Dalla nullità del primo licenziamento discende la continuità
del rapporto
di lavoro e la possibilità, per il datore di lavoro, di rinnovare il proprio
atto di recesso. Lo ha stabilito la sezione lavoro della Cassazione con la sentenza
n. 24525 di ieri, 18 novembre 2014.
Come è noto, la malattia rende giustificata l’assenza del lavoratore e fa
sorgere, in capo al datore di lavoro, il divieto di procedere al licenziamento
dello stesso durante l’evento morboso, nei limiti di un periodo di
conservazione del posto (il c.d. periodo di comporto), la cui durata è, in
genere, fissata dalla contrattazione collettiva.
Prima del termine del periodo di tollerabilità dell’assenza costituito dal
periodo di comporto, il datore di lavoro non può licenziare il dipendente in malattia,
se non per giusta causa ovvero per sopravvenuta impossibilità della prestazione
o cessazione totale dell’attività dell’impresa. Il superamento di tale periodo
è condizione sufficiente per la legittimità del recesso del datore di lavoro, senza
che questo debba essere motivato in altro modo.

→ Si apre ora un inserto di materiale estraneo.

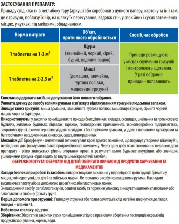 Механизм действия: Бродифакум - синтетический антикоагулянт крови второго поколения, нарушает образование витамина К1, необходимого для формирования белков протромбинового комплекса. Через одни сутки после потребления летальной дозы препарата - резко снижается уровень свертываемости крови, в результате этого любое внутреннее или внешнее повреждение грызуна - приводит к внутреннему кровотечению и гибели.
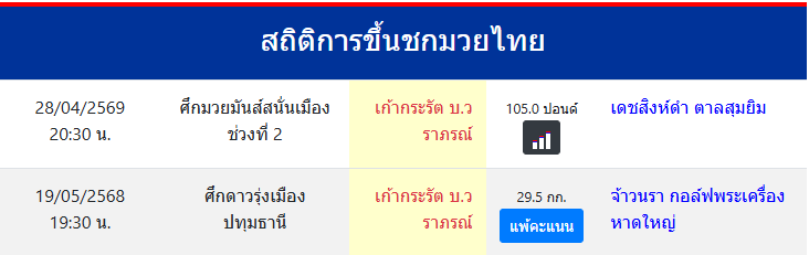 | ขึ้นชกล่าสุด | 19/11/2568 (5 เดือน 7 วัน) |
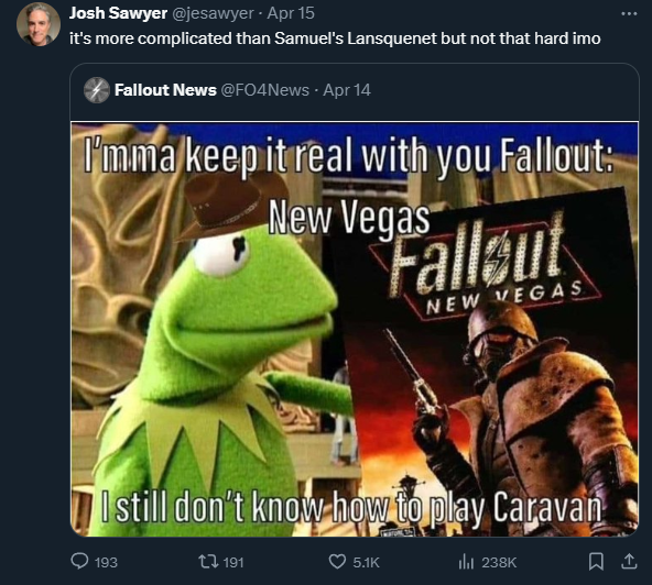 Разработчик Джош Сойер, один из главных создателей Fallout New Vegas, выразил несогласие с мнением, что карточная игра «Караван» от Obsidian является сложной. Он прокомментировал мем в соцсети X, в котором неизвестный признается, что «до сих пор не знает, как в это играть».

Il caso esaminato dalla sentenza richiamata riguarda appunto l’evento di un
licenziamento dichiarato nullo, pertanto la Cassazione ha affermato
che il secondo licenziamento è intervenuto nella continuità del rapporto, non
interrotto da primo licenziamento nullo, e a seguito del superamento del
periodo di comporto determinato dal prolungamento dell’assenza per malattia del
lavoratore e, quindi, a seguito del realizzarsi della situazione autonomamente
giustificatrice, secondo la giurisprudenza, del recesso.